Action item =>
In the material below, write out each line word for word and omit the pictures.

Given information =>
|---|

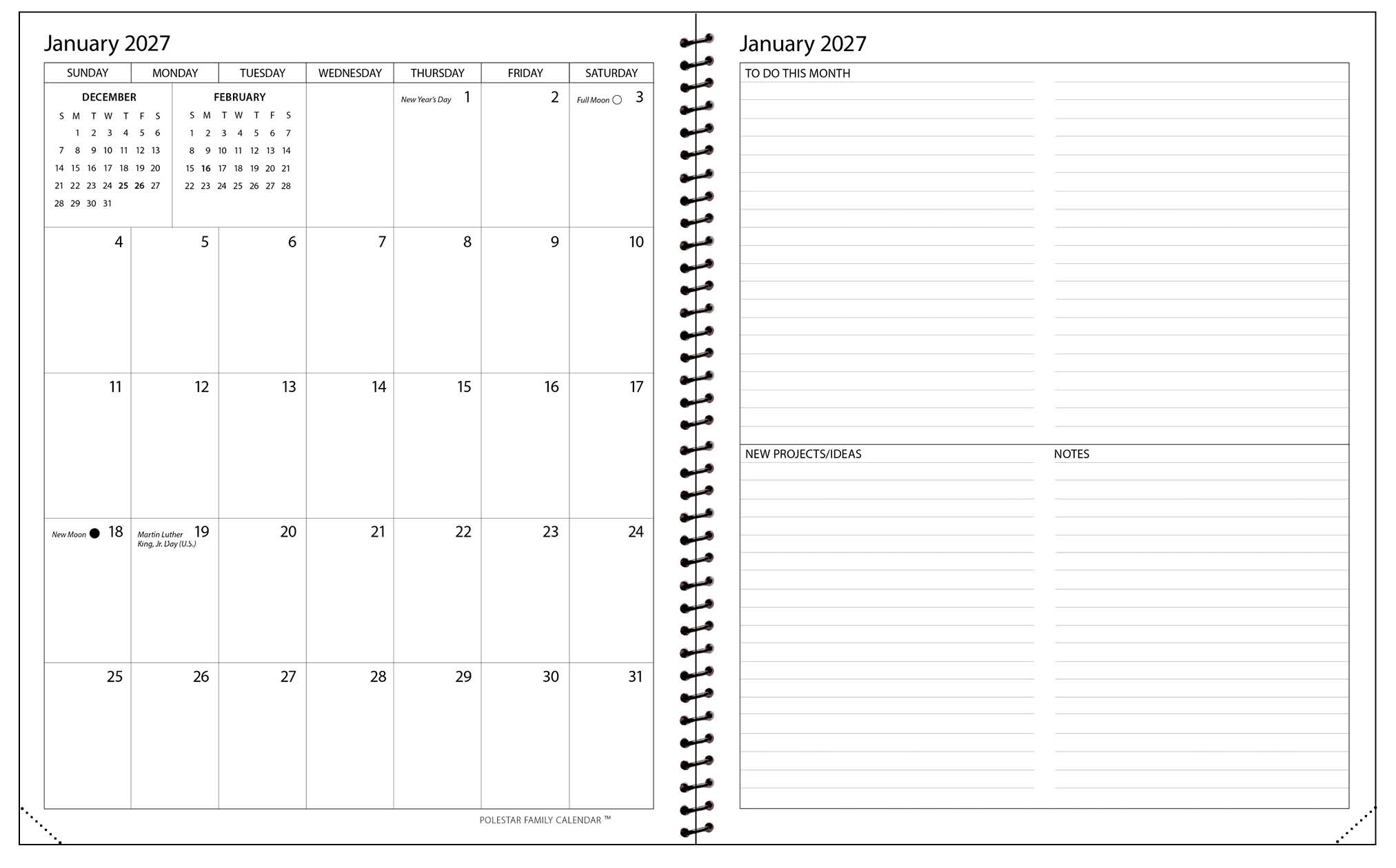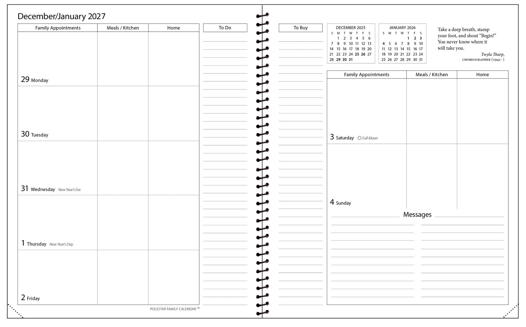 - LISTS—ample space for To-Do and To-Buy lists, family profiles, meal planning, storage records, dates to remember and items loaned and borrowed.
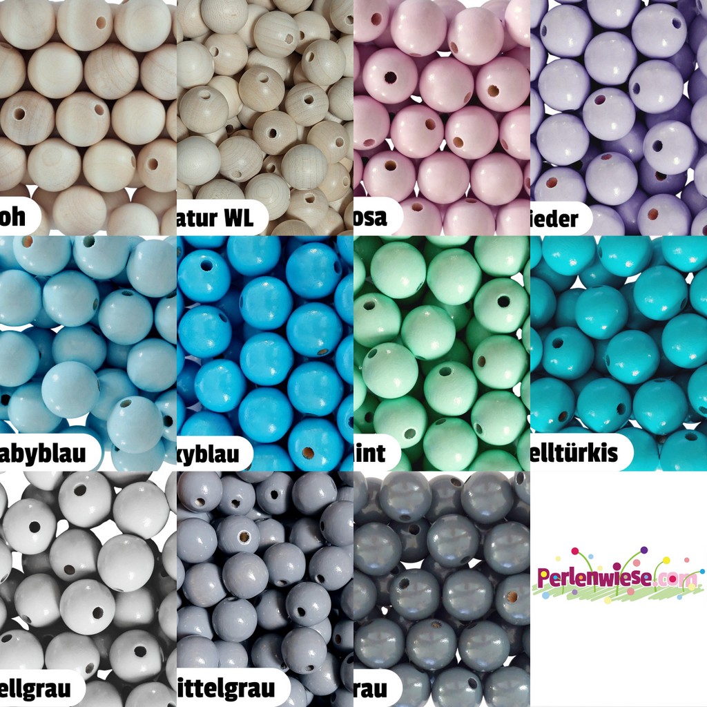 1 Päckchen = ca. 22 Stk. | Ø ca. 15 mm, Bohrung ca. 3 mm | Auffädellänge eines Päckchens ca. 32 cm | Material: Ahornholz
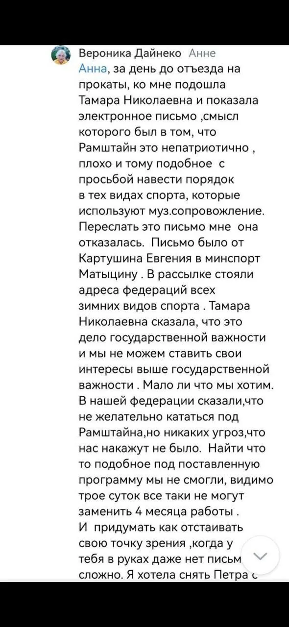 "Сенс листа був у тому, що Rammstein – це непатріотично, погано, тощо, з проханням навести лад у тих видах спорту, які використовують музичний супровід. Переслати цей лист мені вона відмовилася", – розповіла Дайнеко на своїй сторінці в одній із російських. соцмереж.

|---|

Response to the task =>
 - LISTS—ample space for To-Do and To-Buy lists, family profiles, meal planning, storage records, dates to remember and items loaned and borrowed.
 1 Päckchen = ca. 22 Stk. | Ø ca. 15 mm, Bohrung ca. 3 mm | Auffädellänge eines Päckchens ca. 32 cm | Material: Ahornholz
 "Сенс листа був у тому, що Rammstein – це непатріотично, погано, тощо, з проханням навести лад у тих видах спорту, які використовують музичний супровід. Переслати цей лист мені вона відмовилася", – розповіла Дайнеко на своїй сторінці в одній із російських. соцмереж.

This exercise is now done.